Using the Chr Tag to Set the Voice Character

The Chr tag allows you to set the general character of the voice. The syntax for the Chr tag is

\Chr=string[[,string...]]\

More than one characteristic can be applied at the same time. The default value is Normal. Others that are recognized by the Microsoft Voice TTS engine are Monotone and Whisper. Additional characteristics suggested by Microsoft are

Angry BusinessCalm Depressed Excited
Falsetto HappyLoud PerkyQuiet
Sarcastic ScaredShout Tense 

To test the Chr tag, enter the text shown in Listing 18.1 into the input box of TTSTEST.EXE.


Listing 18.1. Testing the Chr control tag.
\chr="monotone"\
How are you today?
\chr="whisper"\
I am fine.
\chr="normal"\
Good to hear.

Each sentence will be spoken using a different characteristic. After entering the text, press the TextData button to hear the results.

Using the Ctx Tag to Set the Message Context

Another valuable control tag is Ctx, the context tag. You can use this tag to tell the TTS engine the context of the message you are asking it to render. Like the Chr tag, the Ctx tag takes string as a parameter. Microsoft has defined the strings in Table 18.1 for the context tag.

Table 18.1. The context tag parameters.
Context Tag ParameterDescription
AddressAddresses and/or phone numbers.
CCode in the C or C++ programming language.
DocumentText document.
E-MailElectronic mail.
NumbersNumbers, dates, times, and so on.
SpreadsheetSpreadsheet document.
Unknown Context is unknown (default).

Setting the context helps the TTS engine better interpret the text. To test this, enter the text shown in Listing 18.2 into the text box.


Listing 18.2. Testing the Ctx control tag.
\ctx="Address"\
1204 W. 7th Street
Oak Ridge, TN
\ctx="E-Mail"\
BillGates@msn.com
\ctx="Unknown"\
129 W. First Avenue

When you press the TextData button to hear the results, you'll notice that the TTS engine automatically converts the "W." to "West" when given the \Ctx="Address"\ tag but fails to do so when the \Ctx="Unknown"\ tag is used. You'll also notice that the e-mail address is spoken using the phrase "Bill Gates at msn dot com" when the \Ctx="E-Mail"\ tag is used.

Using the Vce Tag to Control Additional Voice Characteristics

The last voice character control tag is the Vce tag. This tag can be used to set several aspects of a voice in a single control tag. The exact syntax of the Vce tag is

\Vce=chartype=string[[,chartype=string...]]\

Several character types can be set in a single call. Microsoft has defined six different character type classes. These classes, along with their possible settings and brief descriptions, are shown in Table 18.2.

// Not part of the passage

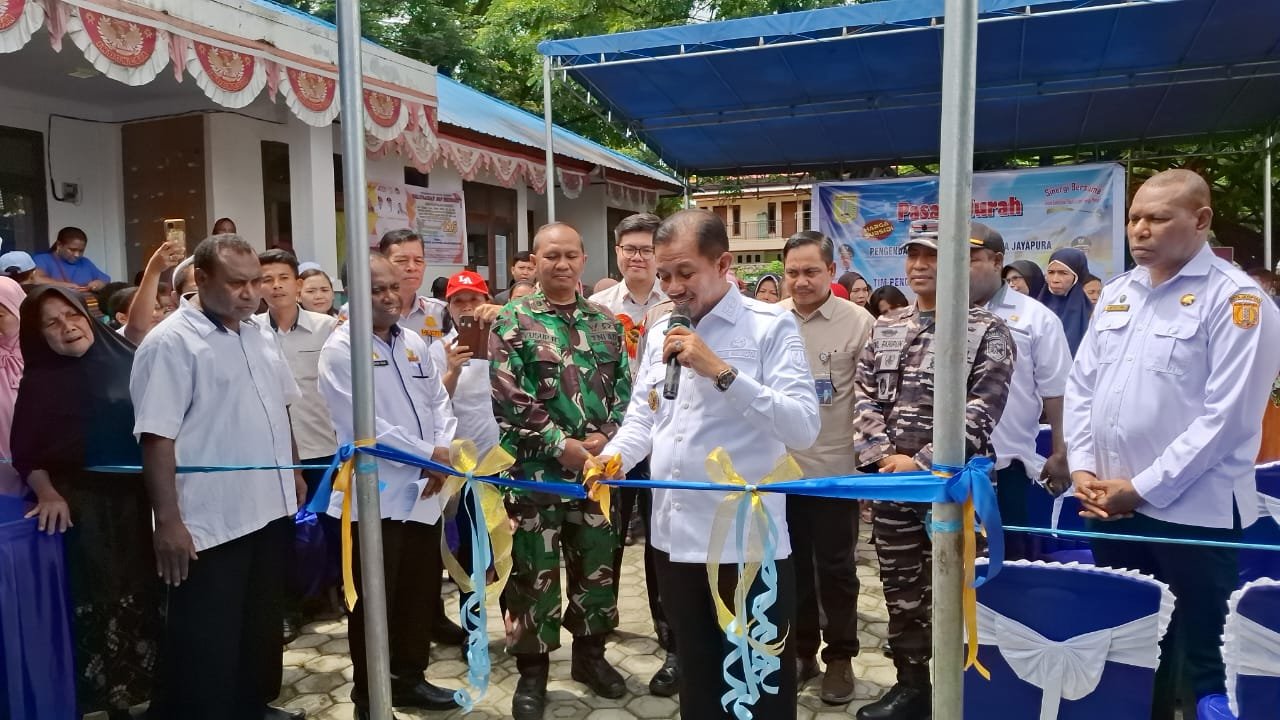 Pemotongan pita pasar murah sembako oleh Wakil walikota jayapura Rustan Saru di kantor Kelurahan Wai Mhorock distrik Abepura pada(19/3/25)

Table 18.2. The Vce character types and their parameters.
Character TypeDescription
Language=language Tells the TTS engine to speak in the specified language.
Accent=accent Tells the TTS engine to use the specified accent. For example, if Language="English" and Accent="French", the engine will speak English with a French accent.
Dialect=dialect Tells the TTS engine to speak in the specified dialect.
Gender=gender Used to set the gender of the voice as "Male," "Female," or "Neutral."
Speaker=speakername Specifies the name of the voice, or NULL if the name is unimportant. The Microsoft Voice engine can respond using the following names:
Peter
Sidney
Eager Eddie
Deep Douglas
Biff
Grandpa Amos
Melvin
Alex
Wanda
Julia
Age=age Sets the age of the voice, which can be one of the following values:
Baby (about 1 year old)
Toddler (about 3 years old)
Child (about 6 years old)
Adolescent (about 14 years old)
Adult (between 20 and 60 years old)
Elderly (over 60 years old)
Style=style Sets the personality of the voice. For example:
Business
Casual
Computer
Excited
Singsong

To test the Vce control tag, enter the text shown in Listing 18.3 and press TextData to hear the results.

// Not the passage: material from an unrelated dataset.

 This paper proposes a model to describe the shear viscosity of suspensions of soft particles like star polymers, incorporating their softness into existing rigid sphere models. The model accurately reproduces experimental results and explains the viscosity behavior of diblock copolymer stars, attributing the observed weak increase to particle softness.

Listing 18.3. Testing the Vce control tag.
\Vce=Speaker="Sidney"\
Hello there Peter.
\Vce=Speaker="Peter"\
Hi Sid. How are you?
\Vce=Speaker="Sidney"\
Not good really. Bad head cold.

You can use the Vce control tag to program the TTS engine to carry on a multiperson dialog.

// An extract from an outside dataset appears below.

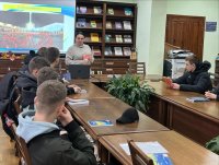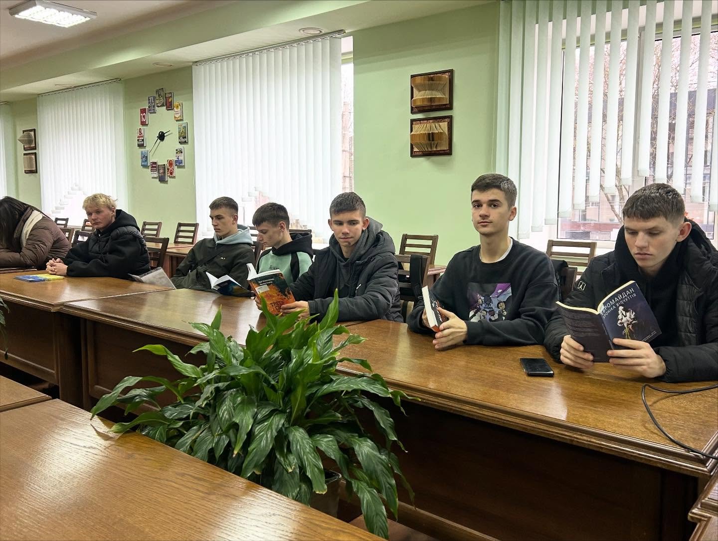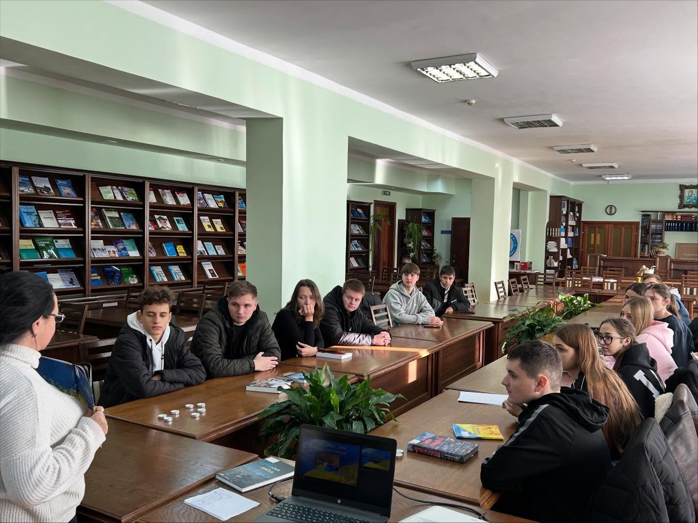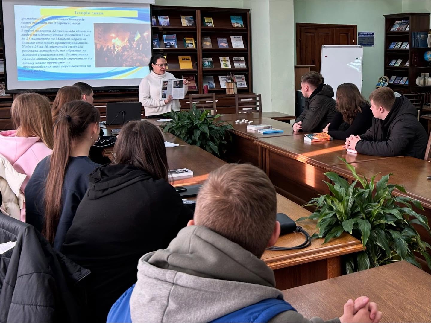 Завідувачка читального залу Ірина Любезна пригадала ключові події новітньої історії України – Революцію на граніті, Помаранчеву революцію та Революцію Гідності. А також презентувала книжкову виставку «Гідність і свобода: сторінки боротьби», де представлено історичні та документальні видання, спогади очевидців, публіцистику й художні твори, що відображають прагнення українців до свободи та утвердження гідності. Виставка стала важливим доповненням бесіди, дозволивши студентам глибше зануритися у тему та відкрити для себе нові джерела знань.

The Phrase Modification Control Tags

The second set of control tags-the phrase modification tags-can be used to modify words or phrases within the message stream. Phrase modification tags give you added control over TTS output. There are five phrase modification control tags:

Using the Emp Tag to Add Emphasis to a Word

You can insert the \Emp\ tag before a word to force the TTS engine to give it added emphasis. Enter the text shown in Listing 18.4 and press TextData to hear the results.


Listing 18.4. Testing the Emp control tag.
I \Emp\told you never to go running in the street.

Didn't you \Emp\hear me?

You must listen to me when I tell you something \Emp\important.

You can quickly compare this phrase to one without emphasis by simply adding a space to each \Emp\ tag so that is looks like \ Emp\. Since this will appear to be a new tag, the TTS engine will ignore it and speak the text with standard prosody.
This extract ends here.